In 1931, Emperor Haile Selassie asked the Japanese to accept an ambassador extraordinary delegation to be sent to Japan. The delegation, headed by foreign minister Heruy Wolde Selassie and consisting of Teferi Gebre Mariam, Araya Abeba, and Daba Birrou, left Addis Ababa on September 30, 1931, with a Japanese diplomat and left Djibouti on October 5, to sail to Japan. The delegation toured Japan to inspect the Japanese Army and to learn how Ethiopia could modernize its country in a way similar to the Japanese. Two lions were sent by Selassie to Emperor Hirohito and arrived in Japan on December 2, where they were placed into the Ueno Zoo. The Ethiopian delegation left Japan on December 28, and arrived in Addis Aaba on January 29, 1932.

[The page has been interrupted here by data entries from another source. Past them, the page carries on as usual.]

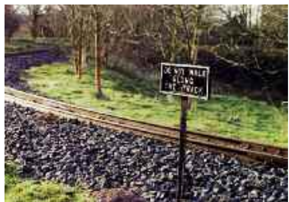
An example of ground-level track showing sleepers, fixings and ballast

changes. The fixings used to secure the ends of the rails should hold them in vertical and horizontal alignment and, where appropriate, accommodate expansion and contraction.
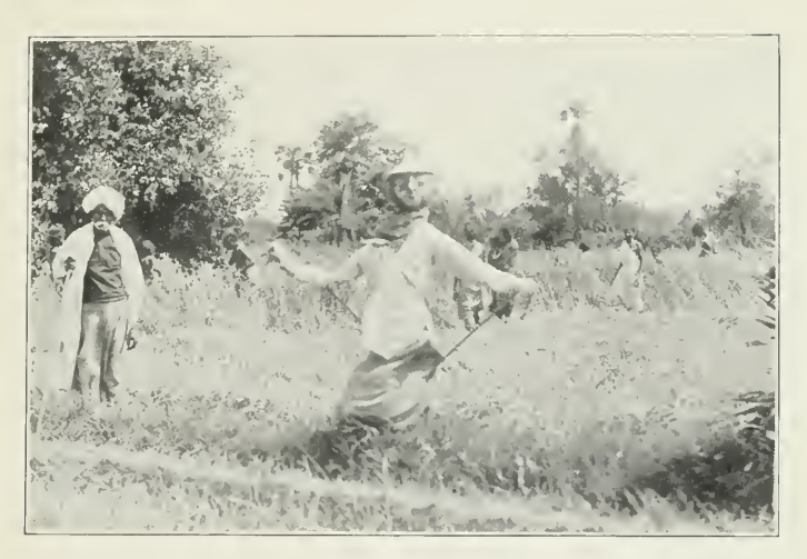
AN IMAGE TO AVERT THE EVIL EYE

This image is for the protection of the ripening grain. It appears to be a scarecrow, but it is not for the purpose of scaring birds. It is expected that this image will attract attention and so divert evil from the grain.
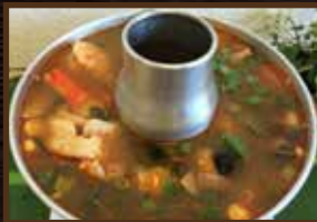
SEVEN SEA SOUP
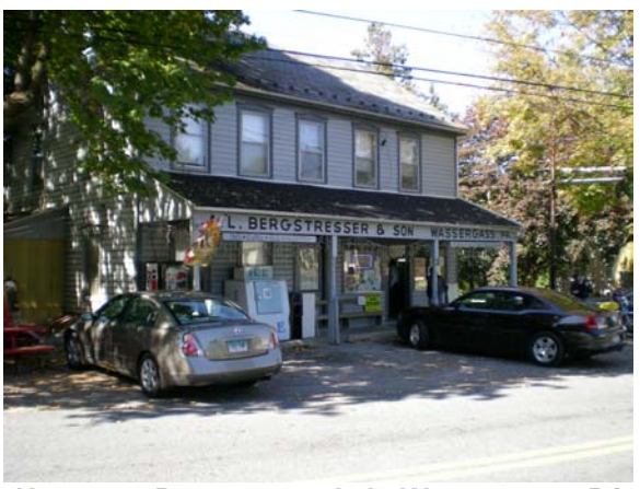
No gas at Bergstresser's in Wassergass, PA but the strudel is to die for

Richard led the group on an autumn colored ride through the woods and hills and across the creeks along the Delaware River watershed. Our destination was Richard's home hidden back in a hollow above Upper Black Eddy.
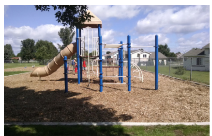
Isanti Hills Neighborhood Park 518 Dogwood St SW (1 acre)
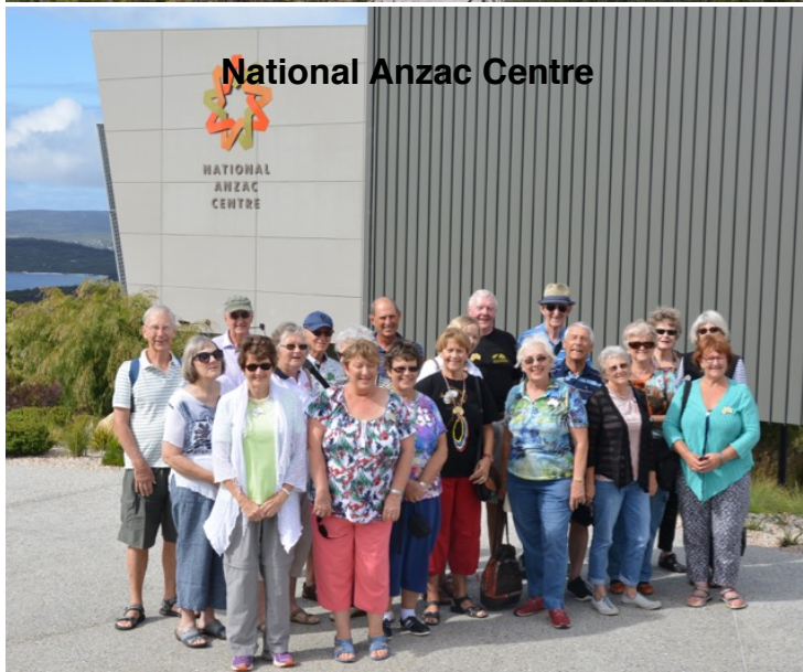
National Anzac Centre

The Meiji Constitution was used as a model for the 1931 Constitution of Ethiopia by the Ethiopian intellectual Tekle Hawariat Tekle Mariyam. This was one of the reasons why the progressive Ethiopian intelligentsia associated with Tekle Hawariat were known as "Japanizers".

In 1934, the two countries agreed to an irrigation development project where 100,000 Japanese planters would help with irrigation systems around Lake Tana and the Japanese legation to Ethiopia hoped to receive funding from the 1935-1936 budget to create an embassy in Addis Ababa. In 1933, the Ethiopians established an honorary consulate-general in Osaka, Japan, and on January 1, 1936, the Japanese establish an embassy in Addis Ababa. At the same time, there was a popular speculation of a royal marriage between the two countries, with Prince Lij Araya Abeba and Masako Kuroda, daughter of Viscount Hiroyuki Kuroda. However, tense pressure from Western countries, particularly Italy, undermined the relationship due to the fears of an 'anti-white supremacy' nature behind the marriage and the arrangement was cancelled.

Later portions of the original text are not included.